Pomona College Museum of Art
Pomona College's claim to art-history fame is José Clemente Orozco's Prometheus (1930). It was the first mural by one of Los Tres Grandes in the U.S., predating Diego Rivera in Detroit and Rockefeller Center. Pomona's "Prometheus 2017: Four Artists from Mexico Revisit Orozco" has Asa Carrillo, Adela Goldbard, Rita Ponce de León, and Naomi Rincón-Gallardo doing related installations (Aug. 29–Dec. 16, 2017).

Long Beach Museum of Art
Though not a PST show, "Rafael Soriano: The Artist as Mystic" will end in cross-border detente. The Cuban abstractionist fled the Castro regime and spent most of his career in Miami. The multi-city tour, now at the Long Beach Museum of Art through Oct. 1, will end up in Havana for the first Cuban showing of Soriano's mature achievement. Shown, The Night, 1970.

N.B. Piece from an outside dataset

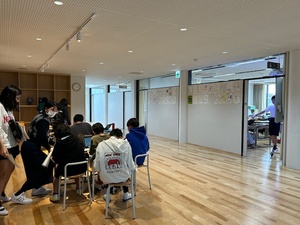 新校舎には広いオープンスペースがたくさんあります。オープンスペースもこどもたちにとっては学びの場。学びたくなる教材配置や環境づくりを模索中です。
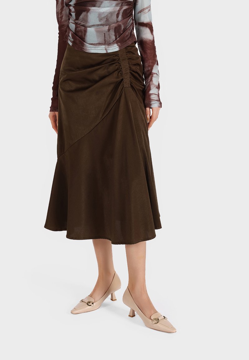 Gonna marrone fino al ginocchio con un design drappeggiato e arricciature laterali, abbinata a tacchi beige con tacco piccolo e dettagli decorativi.

UPDATE. Just announced is that the Marciano Art Foundation will participate in LA/LA with an installation of the collection's works from Latin America. The interesting news here is that the Marciano has enough Latin American art to do a show. The Broad, I'm pretty sure, doesn't.

This installation, on the Marciano's third floor, is to run Oct. 19, 2017–Jan. 20, 2018. Below is Jose Dávila's Esfuerzo común (Common Effort), 2014.